Ionized calcium is metabolically active, and normal homeostasis maintains serum calcium concentrations at a very narrow range. Ionized calcium remains relatively stable despite wide changes in total calcium levels. Therefore, laboratories measure ionized calcium and total plasma calcium. 

Serum calcium concentration is affected by the parathyroid hormone, vitamin D, fibroblast growth factor 23, phosphate levels, and the calcium ion itself. Hormones such as parathyroid hormone and vitamin D regulate serum calcium concentration from bone, kidney, and gastrointestinal absorption. A hormone called fibroblast growth factor 23 can indirectly cause hypocalcemia if it inhibits renal phosphate reabsorption, which in turn decreases serum phosphate and serum calcium.

The most common causes of hypocalcemia are disorders of parathyroid hormone or vitamin D. Hyperphosphatemia influences the calcium ions to bind within the vascular space; it can also cause calcium ions to deposit into the tissues. 

Changes in acid-base disturbances cause alterations within the albumin-calcium complex. Acidosis reduces the binding of calcium with albumin, while alkalosis enhances it, leading to hypocalcemia. 

Patients with hypoalbuminemia may have reduced total calcium levels, but their ionized calcium may still be normal.
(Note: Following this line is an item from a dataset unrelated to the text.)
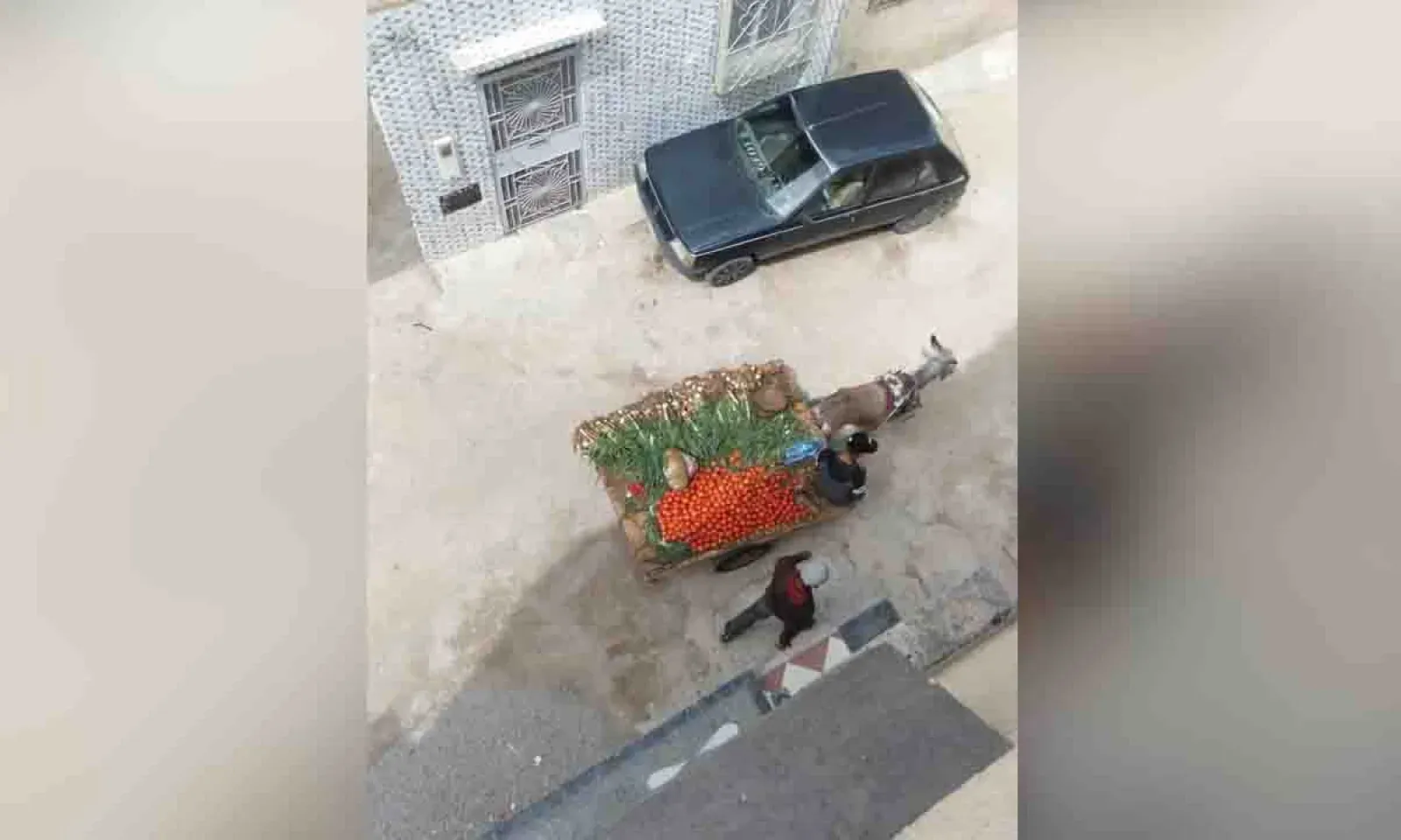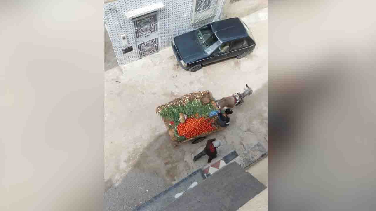 On y voit un marchand, avec sa charrette chargée de légumes tirée par un âne, circulant dans cette ruelle sans susciter d'attroupement ni de querelle de prix. Vous avez bien vu ! Pas de foule, personne ne se bouscule pour acheter, pas d'histoires de prix élevés, pas de pénurie...

This phenomenon is known as pseudohypocalcemia.

In hypocalcemia, there is a prolonged ST segment followed by a prolonged QT interval. Hypocalcemia does not provoke arrhythmias such as polymorphic ventricular tachycardia. Patients with chronic renal failure present with hypocalcemia and hyperkalemia.

Case 5

Patient with chronic renal failure, hyperkalemia, and hypocalcemia ECG.

Patient With Chronic Renal Failure, Hyperkalemia, and Hypocalcemia ECG

The ECG in figure 6 was taken from a patient with chronic renal failure, hyperkalemia, and hypocalcemia. The ECG shows a sinus rhythm with a normal rate, a QT interval of 500 milliseconds, and an ECG machine QTc recorded at 520 milliseconds. Tall, peaked T waves appear in precordial leads V2 through V6, as well as frontal leads I and aVF.